Ох, если бы все так было просто, как в той песне! Приказала ямщику и он повернул. Повернул, и тут тебе новая дорожка. Прямо к дому.

А если ни дороги нет, ни ямщика, а ты, проваливаясь по колено в снег,  пробираешься в темноте вдоль старого кладбища туда, где тепло, светло, где все родное, пусть тебя и не ожидают там сейчас увидеть?

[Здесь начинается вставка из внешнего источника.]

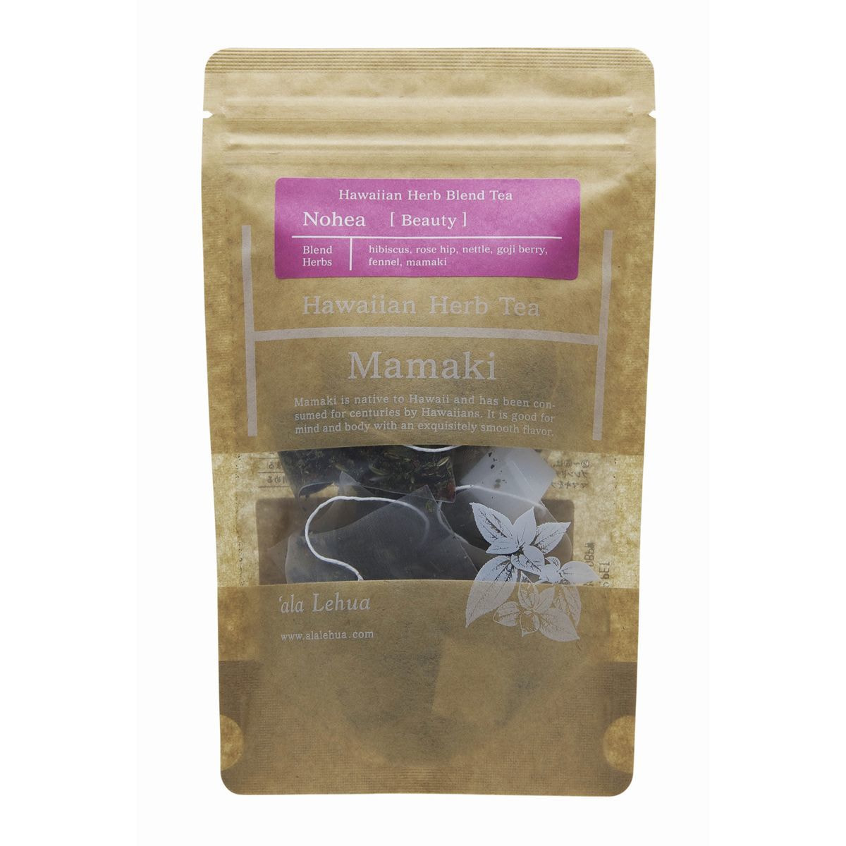 ハワイアンハーブのママキと世界各地のハーブをブレンドしたハーブティーで自然のティーカラーが特徴です。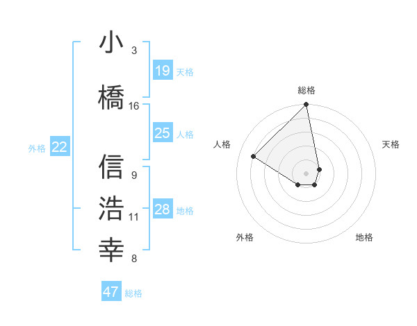 小橋 信浩幸さんを姓名の画数から五運を鑑定

И коленки у тебя в двадцатиградусный градусный мороз голые, и голова непокрыта, и вообще ты раздетая, запыхавшаяся и взмокшая от волнения и драгоценной ноши, непривычно притихшей в твоих руках.

"Ноша" и правда притихла. Видно почувствовала своим маленьким сердечком, что нельзя издавать звуков. И ворочаться нельзя. Слишком непрочно держится тепло старенькой  шубы, в которую, как в конверт, наспех, но с тщательной заботой, завернули ее родные руки.

А руки эти, твои, но словно перестающие под морозным ветром тебе принадлежать, цепко держат сверток, прижимая к груди. Грудь покалывает от распирающего ее молока и оно сочится, расплываясь под фланелевым больничным халатом леденящими лужицами. Глаза слезятся от холода и ловят слабые проблески фонарей, которые помогают угадывать дорогу. И никого рядом. Ни ямщика, ни черта.

И слава Богу! Никто не должен тебя видеть. Ты оглядываешься. Никого. Метель смыкает пространство за спиной, пресекая путь назад.

Но и без того обратно ты больше не вернешься. Там тесно и душно. Спертый воздух, казалось бы, навсегда впитал запах мокрых детских пеленок, хлорки и лекарств.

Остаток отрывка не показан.